__TASK REQUIREMENTS__
Starting with the line that contains "Llegué a Ferreira" and stopping after the line that contains "Fortschrittliche UV-Trocknersysteme können", copy the entries below exactly. Include nothing else.

__MATERIALS PROVIDED__
*****
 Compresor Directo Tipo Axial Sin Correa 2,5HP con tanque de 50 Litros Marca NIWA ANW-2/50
*****
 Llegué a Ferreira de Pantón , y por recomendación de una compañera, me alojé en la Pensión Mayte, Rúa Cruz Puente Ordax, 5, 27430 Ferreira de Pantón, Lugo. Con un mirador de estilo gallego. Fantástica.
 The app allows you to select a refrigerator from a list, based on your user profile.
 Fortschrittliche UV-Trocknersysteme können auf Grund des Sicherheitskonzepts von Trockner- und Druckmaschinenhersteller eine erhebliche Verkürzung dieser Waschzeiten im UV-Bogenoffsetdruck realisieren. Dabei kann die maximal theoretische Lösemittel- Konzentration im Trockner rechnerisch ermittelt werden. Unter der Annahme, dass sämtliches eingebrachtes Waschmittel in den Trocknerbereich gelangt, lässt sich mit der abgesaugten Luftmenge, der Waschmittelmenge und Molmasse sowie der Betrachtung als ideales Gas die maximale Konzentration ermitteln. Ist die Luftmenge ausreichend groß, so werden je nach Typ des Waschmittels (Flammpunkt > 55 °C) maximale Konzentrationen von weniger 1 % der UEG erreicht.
*****
__ANSWER SECTION__
 Llegué a Ferreira de Pantón , y por recomendación de una compañera, me alojé en la Pensión Mayte, Rúa Cruz Puente Ordax, 5, 27430 Ferreira de Pantón, Lugo. Con un mirador de estilo gallego. Fantástica.
 The app allows you to select a refrigerator from a list, based on your user profile.
 Fortschrittliche UV-Trocknersysteme können auf Grund des Sicherheitskonzepts von Trockner- und Druckmaschinenhersteller eine erhebliche Verkürzung dieser Waschzeiten im UV-Bogenoffsetdruck realisieren. Dabei kann die maximal theoretische Lösemittel- Konzentration im Trockner rechnerisch ermittelt werden. Unter der Annahme, dass sämtliches eingebrachtes Waschmittel in den Trocknerbereich gelangt, lässt sich mit der abgesaugten Luftmenge, der Waschmittelmenge und Molmasse sowie der Betrachtung als ideales Gas die maximale Konzentration ermitteln. Ist die Luftmenge ausreichend groß, so werden je nach Typ des Waschmittels (Flammpunkt > 55 °C) maximale Konzentrationen von weniger 1 % der UEG erreicht.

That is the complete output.